21 March 2007

Sin, Morality, Moral Nihilism

On the plane back to California from Chicago, I sat next to two women in their thirties or forties. We eventually struck up a conversation and I learned that they were Evangelical Protestants coming back from a conference on kids' religious education in Chicago. At any rate, we began discussing various religious topics and I began to question them about their beliefs.

We got on the subject of sin and they maintained that all sin was the same in the eyes of God. Protestants are split on the issue, but the Catholic, orthodox position is that there is definitely some sins are more serious and damaging than others.

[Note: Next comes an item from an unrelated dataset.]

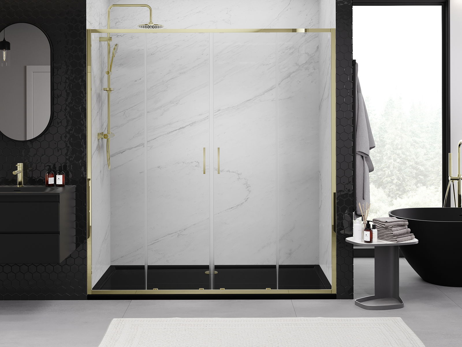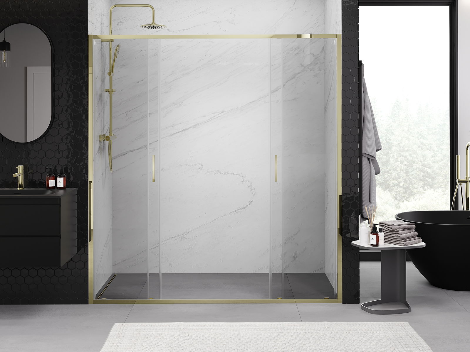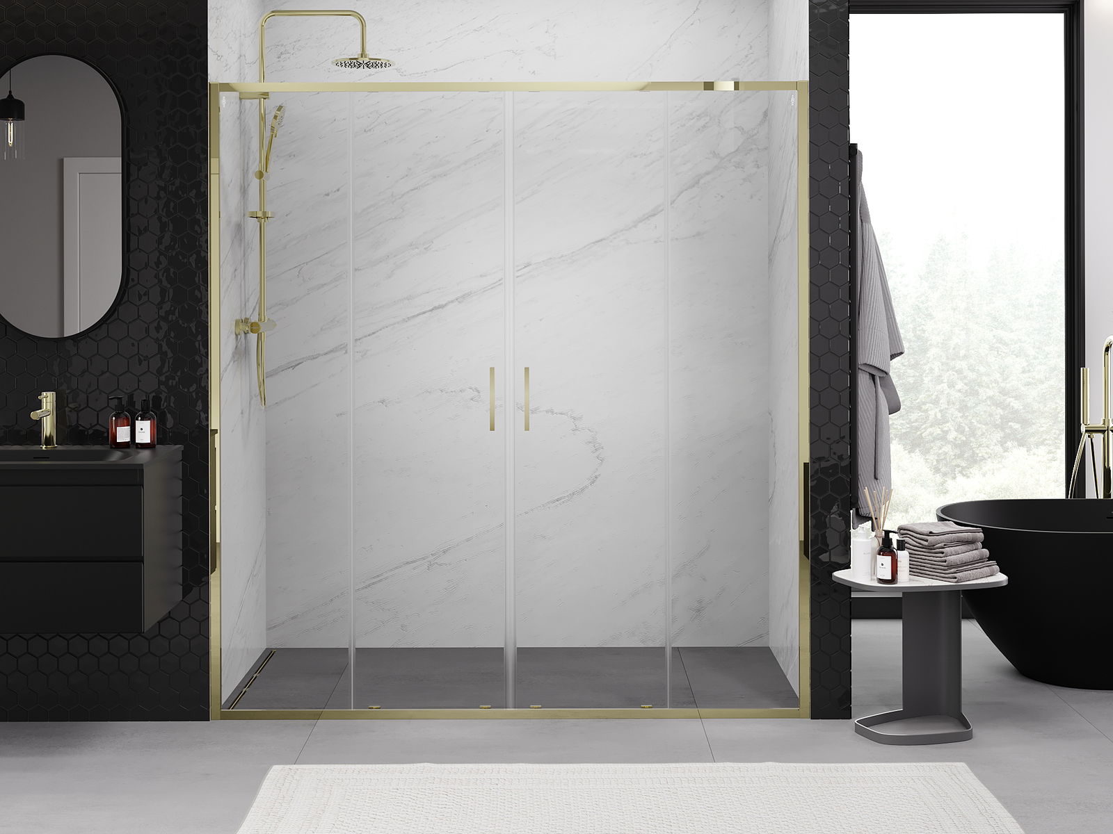 Mexen Exo uși de duș duble glisante 190 cm, transparente, aurii - 8152-190-000-50-00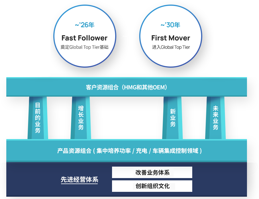 고객 포트폴리오(HMG 외 타 OEM), 현사업, 성장사업, 신규사업, 미래사업, 제품포트폴리오(전동이륜차, AI, 클라우드 데이터 서비스 등으로 확대 中), 엄무체계 선진화와 조직문화 혁신

The Catechism states: "Sins are rightly evaluated according to their gravity. The distinction between mortal and venial sin, already evident in Scripture, became part of the tradition of the Church. It is corroborated by human experience" (CCC, no. 1854).

To those two women, however, stealing a box of Milk Duds was equivalent to triple homicide. My immediate reaction was similar to the last sentence in the portion of the Catechism quoted above—"This conception of sin makes zero sense! It doesn't jibe with human experience."

I think that Protestants who equivocate sin in this way are trying to stress the gravity and seriousness of all sin. What they end up accomplishing, ironically enough, is the introduction of a strange sort of moral nihilism as a bulwark against perceived relativism. Moral nihilism denies the basis of moral truth-assertions and concludes that all moral statements are equivalent. It is precisely in equivalency where nihilism and evangelical Christianity become eerily similar in one respect: just how much it does not matter what moral choices one makes.

The result of both positions is almost the same—in the case of evangelical Christianity, if sin is inevitable, and all sin is equally evil, then it doesn't matter which sin we choose; in the case of moral nihilism, all moral positions are equally groundless and therefore equally meaningless, so (morally speaking) our choice doesn't really matter.